(Records drawn from a dataset)
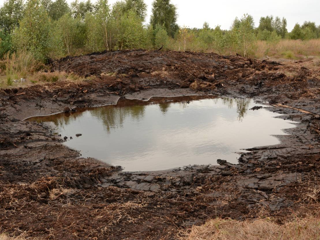Um diese Vielfalt wieder herzustellen, werden die bislang einförmigen Abbauflächen modelliert und Bereiche sowohl tiefer als auch höher gelegt. Somit können unterschiedliche Wasserstände innerhalb einer Fläche entstehen und damit auch unterschiedliche Lebensraumstrukturen. Besonders auf zu trockenen Flächen sollen Senken angelegt werden, die dauerhaft Wasser führen und damit einen Lebensraum für im Wasser lebende Arten bieten. Auf überstauten Flächen wird mit der Einbringung von Baumstämmen und Reisig gearbeitet. Dies soll zu einer Wasserberuhigung führen, wodurch die Verlandung (natürliches Zuwachsen einer Wasserfläche bis hin ihrem vollständigen Verschwinden) und Entwicklung als wachsendes Moor ermöglicht wird. Gleichzeitig werden durch die Entnahme von Birken an anderer Stelle Moorflächen offen gehalten.
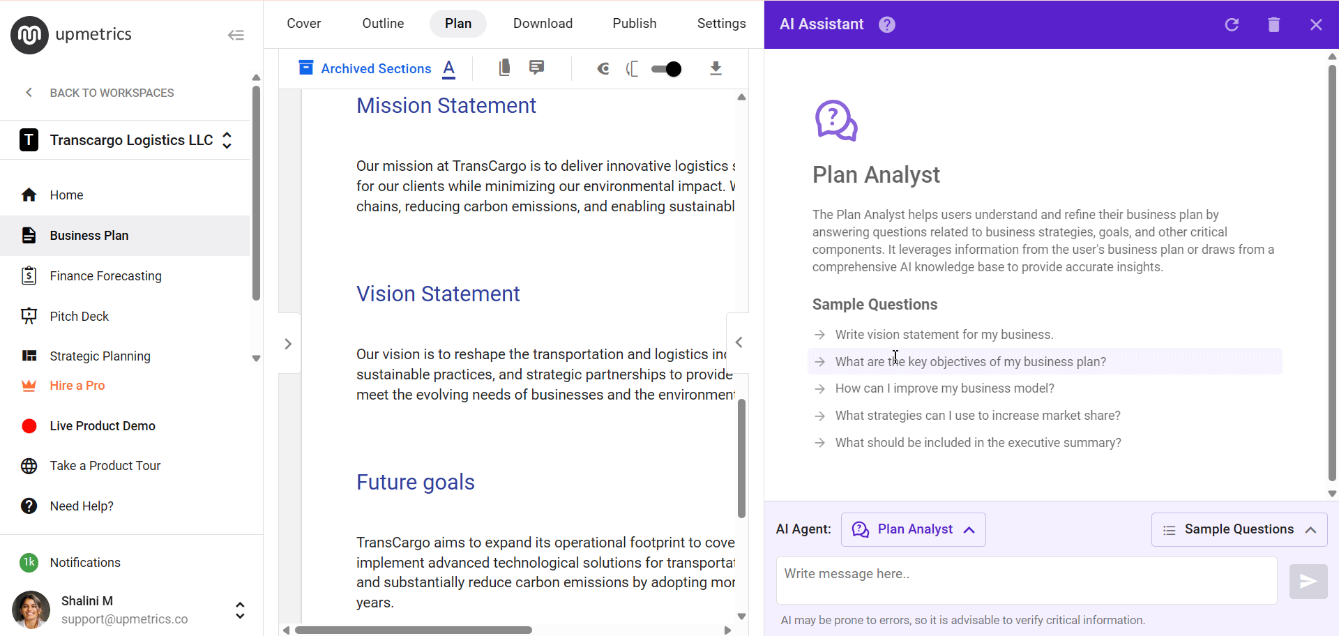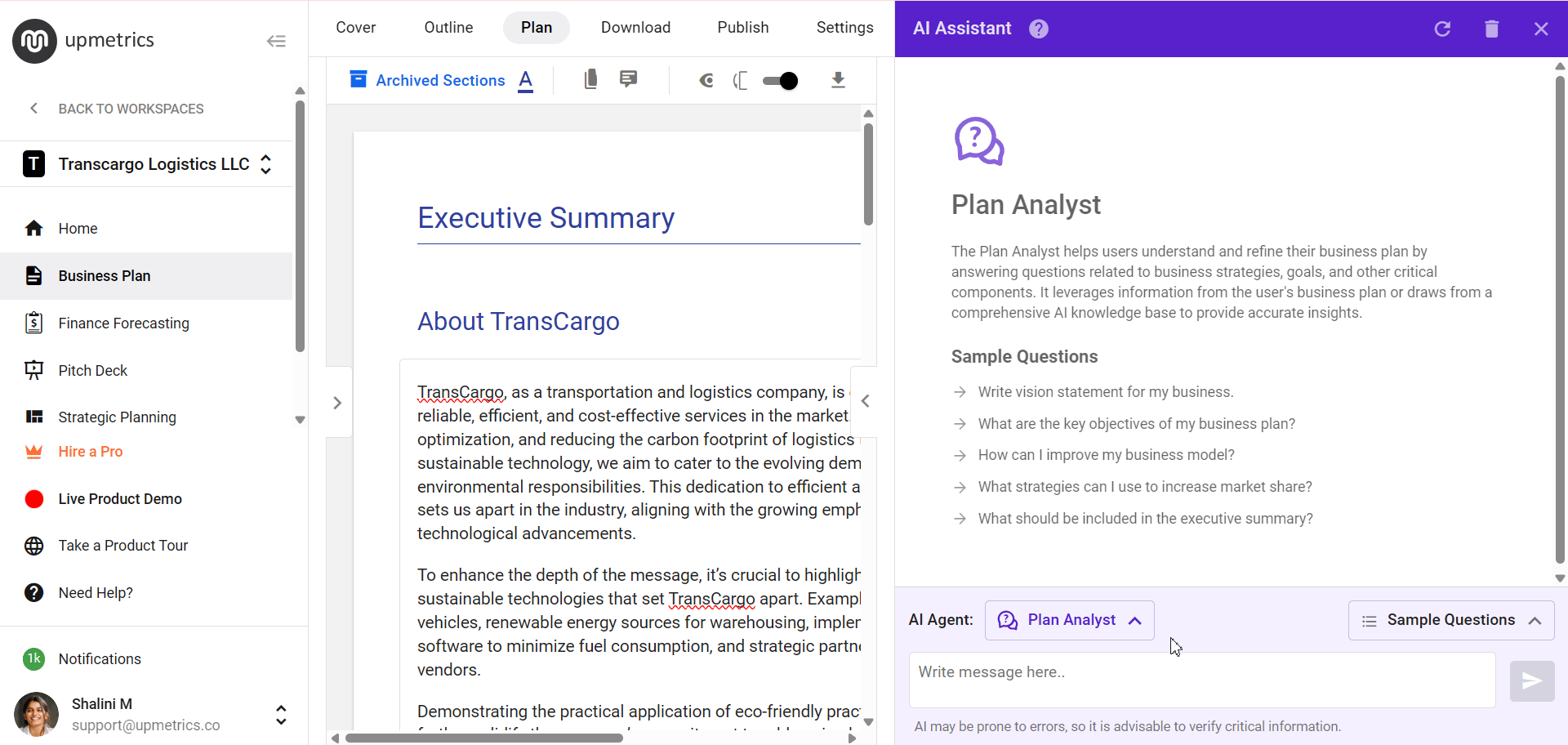 The Plan Analyst is designed to help in the development and refinement of your business plan. This agent acts as a critical-thinking partner, helping to clarify and enhance your business strategies and goals.
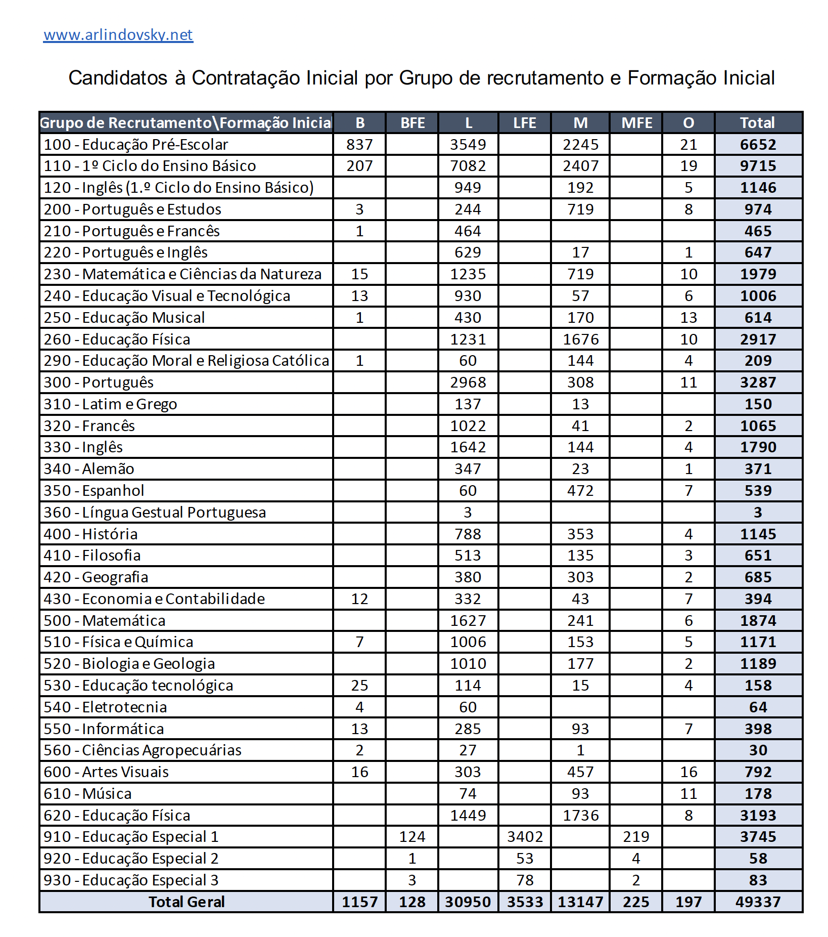 Apuramos pelas listas de ordenação à Contratação Inicial um total de 49.337 candidaturas que se distribuem da seguinte forma por grupo de Recrutamento e Formação Inicial.
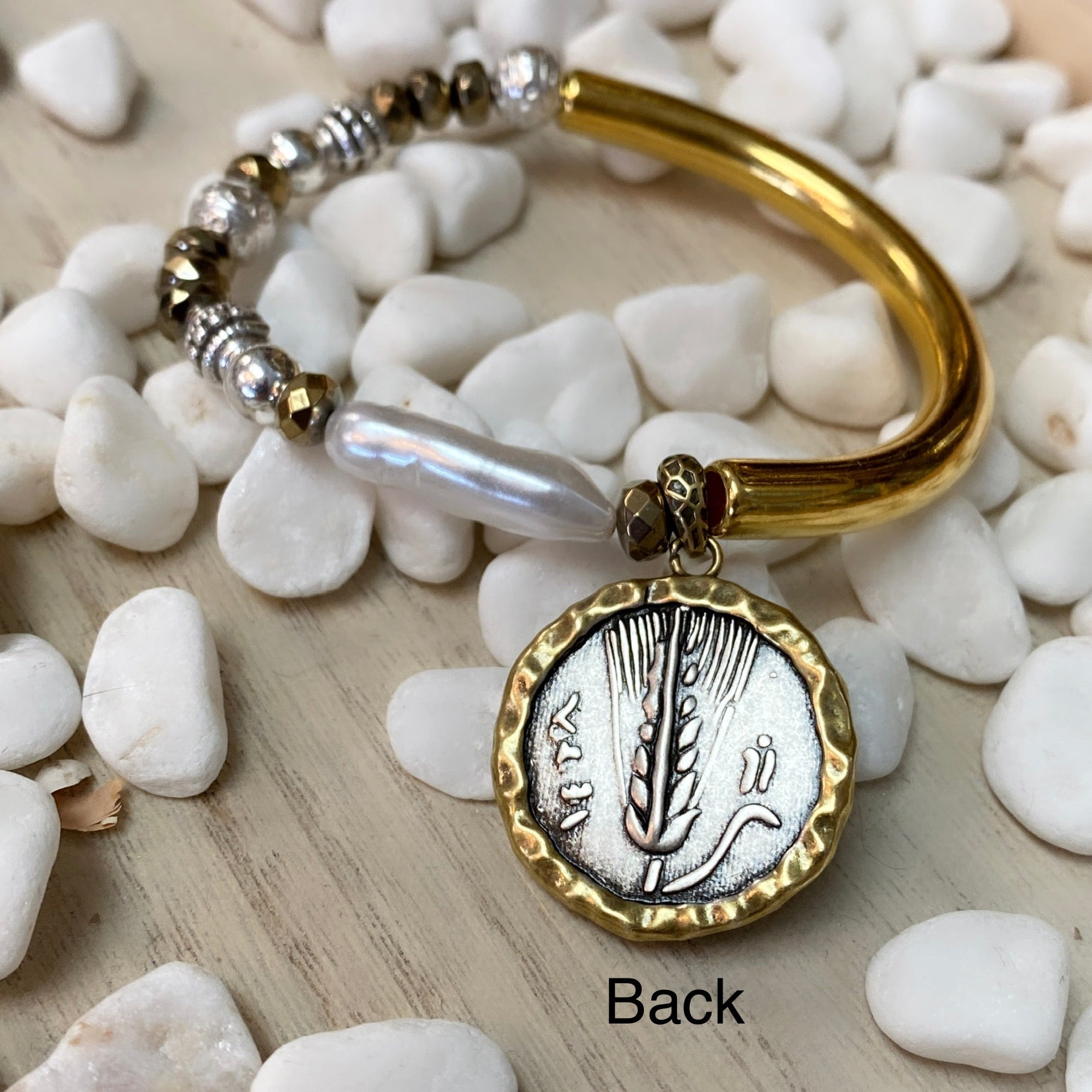 Barre plaquée or #6 avec perles plaquées hématite et argent et breloque pièce en laiton bicolore
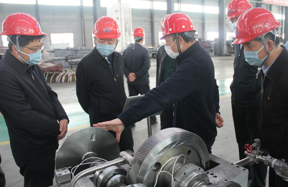 2020年4月7日下午,中央指導組成員、工信部黨組成員、副部長王江平,湖北省經信廳廳長王琪揚等一行到湖北三峰透平裝備股份有限公司(原湖北省風機廠有限公司)深入各制造事業部,了解企業的防疫與復工復產情況。
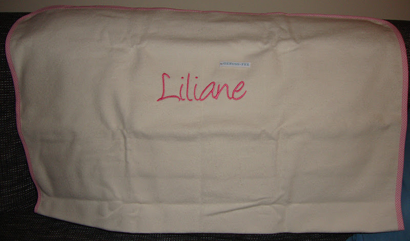 Ich habe mich für die Babydecke „Kuschelweich“ in der Moltonfarbe Natur entschieden mit einem rosafarbenen Vichy-Karo-Band. Bestickt wurde die Decke mit dem Namen Liliane in der Farbe Rosa.
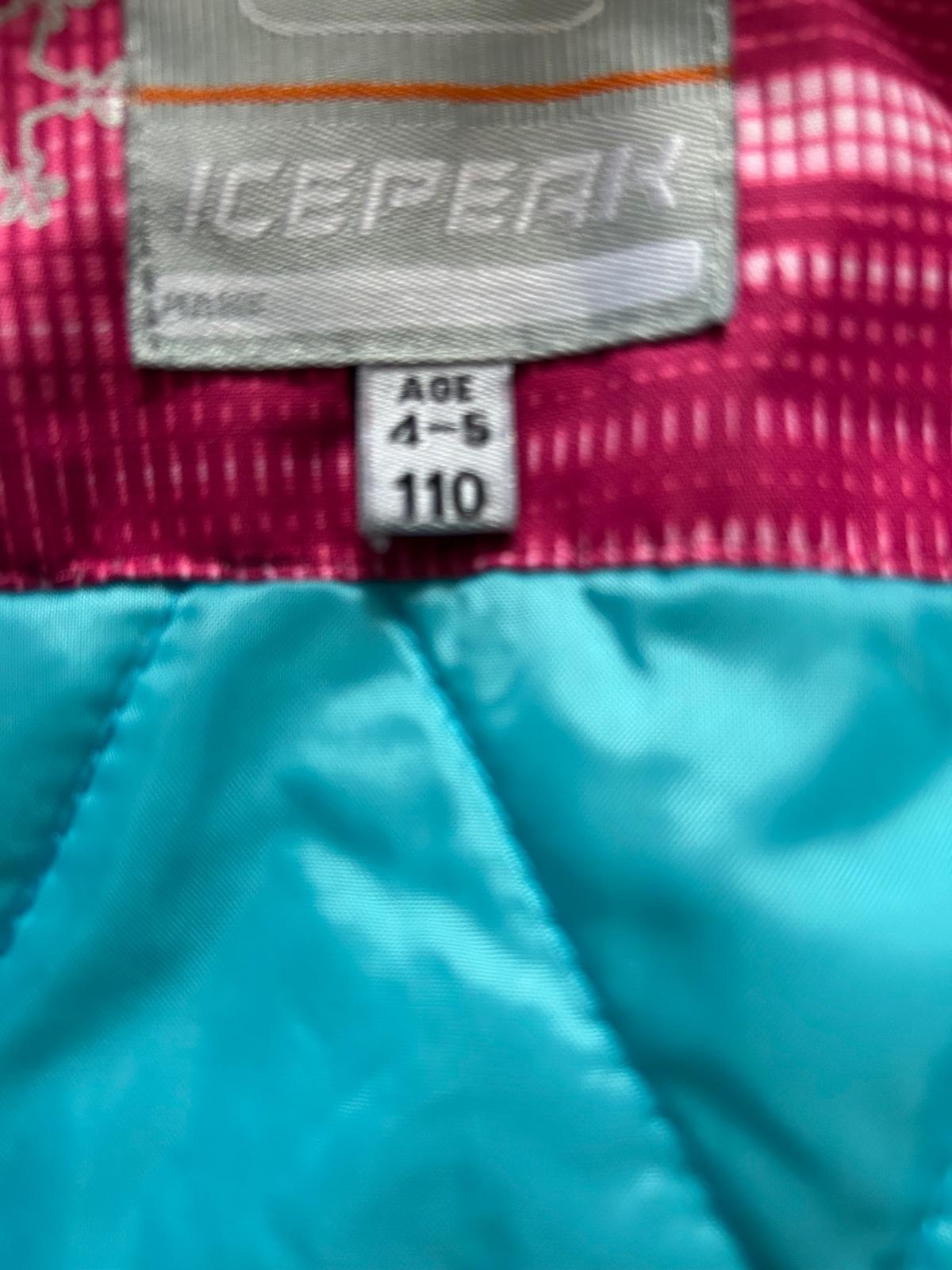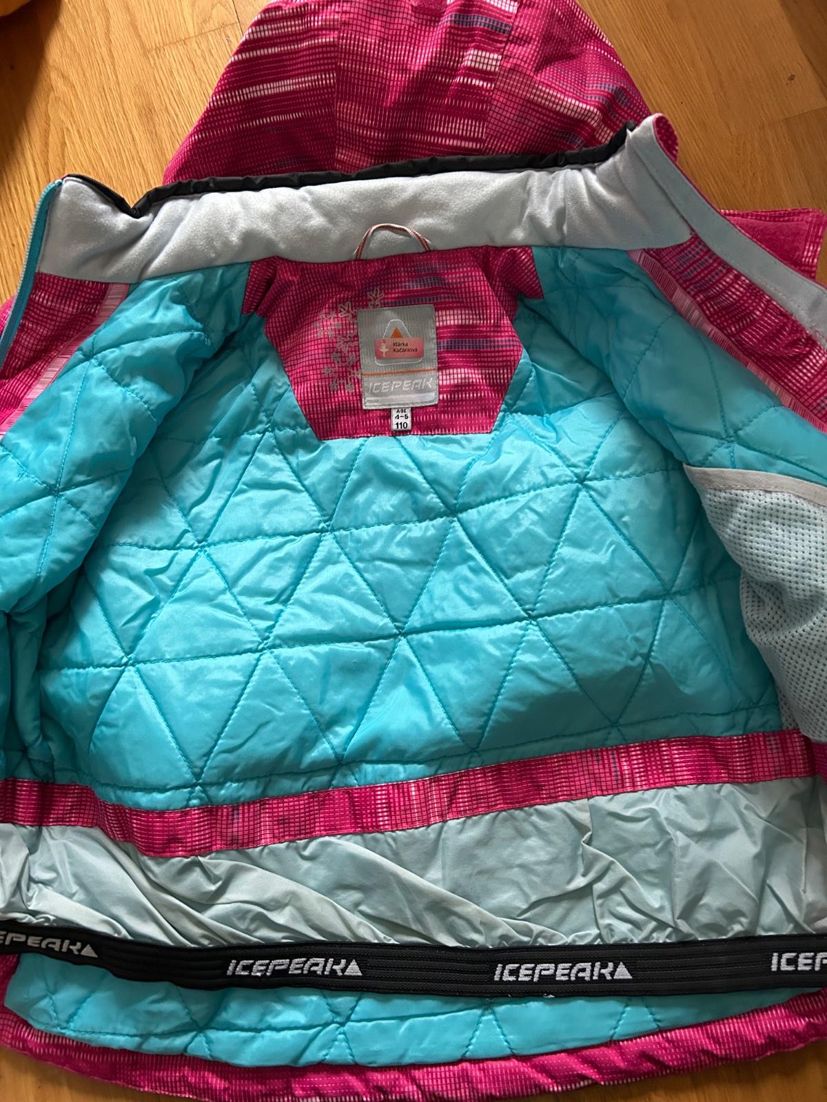 Dievcenska lyziarska bunda aj na bezne nosenie v zime. Velkost 110, ale je to skor velkost 116. Vyuzila predskolacka. Pouzivane 1 sezonu. Znacka ICEPEAK.
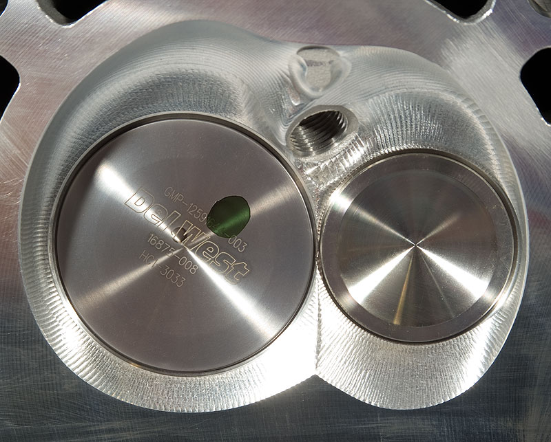 "We started with a hollow-stem, steel valve, kinda like the LS6, with a very thin head, "Hicks said. "We reached a point where the power the engine was making was flexing the valve head enough that we had problems with the valve heads cracking. Combustion pressure causes the valve head to flex. Imagine pushing on the top of a tin can, moving it in-and-out. If the section (thickness of the valve head) gets too thin relative to the amount of pressure in the chamber, you'll get this flexing and, eventually, a pie-shaped section breaks off. We found this with test engines. At the time, we were, also, doing some work with Katech. They were using a lot of our parts in the World Challenge, the first year of the Cadillac CTS-V program and they failed some of our valves, as well.
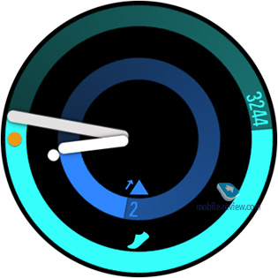 Отдельно отмечу возвращение аппаратного GPS/Глонасс, соответственно, есть полноценная навигация прямо в часах, без смартфона-компаньона. Карты, как и прежде, Here. Функция SOS позволяет передать заданным номерам ваши координаты и сообщение, этого не было на предыдущих моделях. Также в течение часа ваше местоположение будет доступно вашим экстренным номерам. Другой любопытный момент – помимо аппаратного GPS, в этих часах есть аппаратный же барометр, альтиметр, которые используются в спортивных приложениях (наклон, пройденное в горку расстояние), а также могут локально предсказывать погоду. Спидометр показывает вашу актуальную скорость. Интерфейс, работа с часами, предустановленными приложениямиИнтерфейс Circle UI, его еще порой называют Round UI. Логика работы часов строится вокруг управления с помощью ободка. Итак, ободком прокручиваете экраны, по умолчанию вам показывают время. Вращаете вправо и видите свои виджеты, которые установили самостоятельно для нужных приложений. Вращаете влево, и перед вами различные уведомления с телефона, в режиме ожидания желтая точка показывает, что появились новые сообщения.
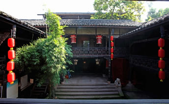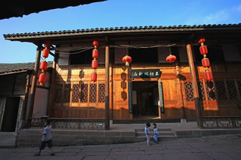 王朝聞故居(添壽堂)位于古鎮(zhèn)進士牌坊下側(cè),立木結(jié)構(gòu),是川南典型四合院,面積500平方米,院內(nèi)天井50平方米,有明代古井一口,一方戲樓,三方廂樓,木雕精美。故居分為戲樓、正堂、客廳、臥室、天井、作坊室、偏房等。正堂供奉神龕、神案,左右置太師椅。作坊室是王朝聞少年時代使用的碾子、龍骨車、風簸、簸箕、撮箕、蓑衣、斗筐、鋤頭、犁耙等。
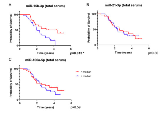 Survival analysis based on total serum microRNA expression. Depicted are survival curves using a dichotomous assessment based on microRNA levels ((A) miR-15b-3p, (B) miR-21-3p, (C) miR-106a-5p) from total serum of glioblastoma patients (n = 55). Red color indicates patients with values equal to or higher than the median and blue color represents values lower than the median normalized expression ratio. For miR-328-3p, no graph was generated because more than 50% of the values were non-measurable. Note that the separation of the curves based on miR-15b-3p is significant after Benjamini–Hochberg correction for multiple testing (Tables S3 and S4).
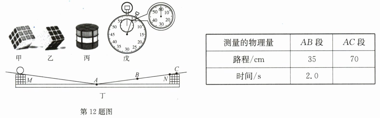 12. 小昊是地地道道的“魔方迷”,家里有各种各样的魔方,如图甲、乙和丙所示。学习物理知识后,善于思考的小昊想借助于刻度尺和秒表来测量圆柱形魔方丙滚上斜面的平均速度,于是小昊找来了两个大小和形状均相同的正方体魔方甲和乙,借助于两块相同的长木板搭建了两个斜面,如图丁所示,并做了如下探究实验。
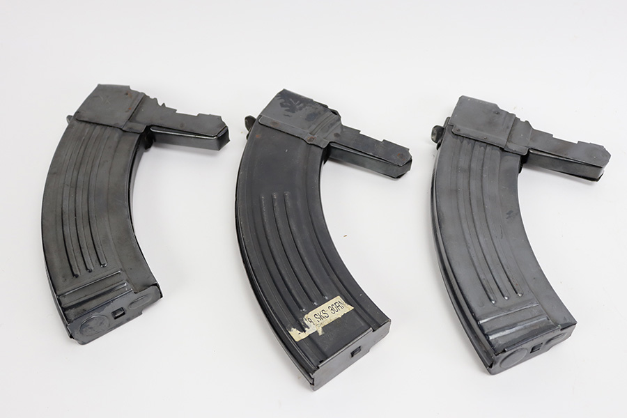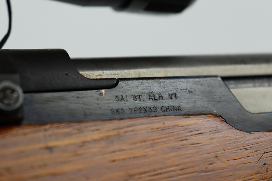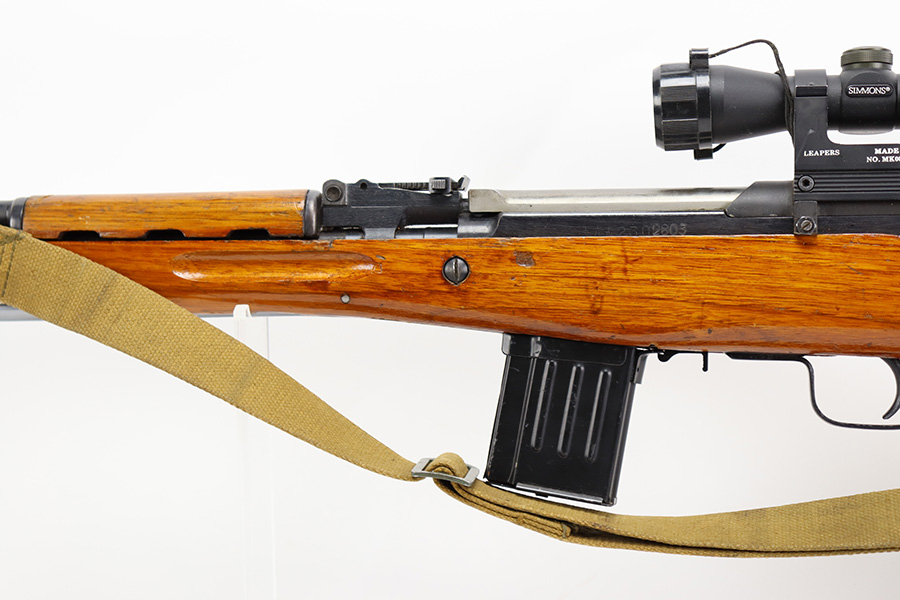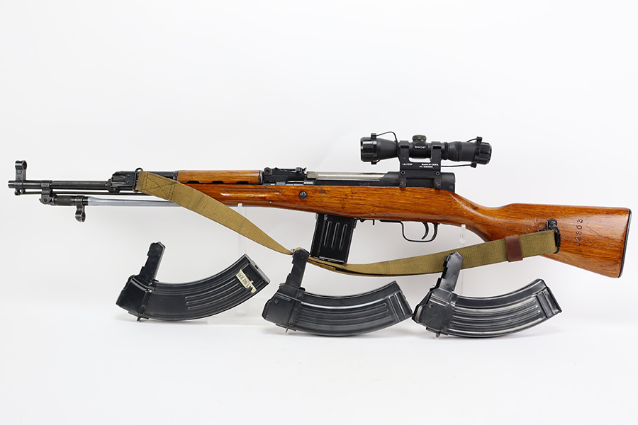 8/4/23 – This is an excellent example of a Chinese Norinco SKS Type 56 rifle, manufactured in 1978 and chambered in 7.62x39mm. Removable magazine. It is all matching with an import mark on the right side of the receiver. This one comes equipped with a Simmons 4x28mm scope (excellent optics) and a tan canvas sling. It has retained nearly all of its original finish with just some very light surface scratches and scuffs here and there – most noticeable on the bolt. Excellent wood furniture with just light scratches throughout. The bore is like-new. It comes with one 10-rd magazine and three 25-rd magazines.

WHAT THIS TASK INVOLVES: Precisely those lines above that run from the line with "王朝聞故居(添壽堂)位于古鎮" up to and including the line with "Survival analysis based" are to be set down, with the pictures omitted.

REPLY:
 王朝聞故居(添壽堂)位于古鎮(zhèn)進士牌坊下側(cè),立木結(jié)構(gòu),是川南典型四合院,面積500平方米,院內(nèi)天井50平方米,有明代古井一口,一方戲樓,三方廂樓,木雕精美。故居分為戲樓、正堂、客廳、臥室、天井、作坊室、偏房等。正堂供奉神龕、神案,左右置太師椅。作坊室是王朝聞少年時代使用的碾子、龍骨車、風簸、簸箕、撮箕、蓑衣、斗筐、鋤頭、犁耙等。
 Survival analysis based on total serum microRNA expression. Depicted are survival curves using a dichotomous assessment based on microRNA levels ((A) miR-15b-3p, (B) miR-21-3p, (C) miR-106a-5p) from total serum of glioblastoma patients (n = 55). Red color indicates patients with values equal to or higher than the median and blue color represents values lower than the median normalized expression ratio. For miR-328-3p, no graph was generated because more than 50% of the values were non-measurable. Note that the separation of the curves based on miR-15b-3p is significant after Benjamini–Hochberg correction for multiple testing (Tables S3 and S4).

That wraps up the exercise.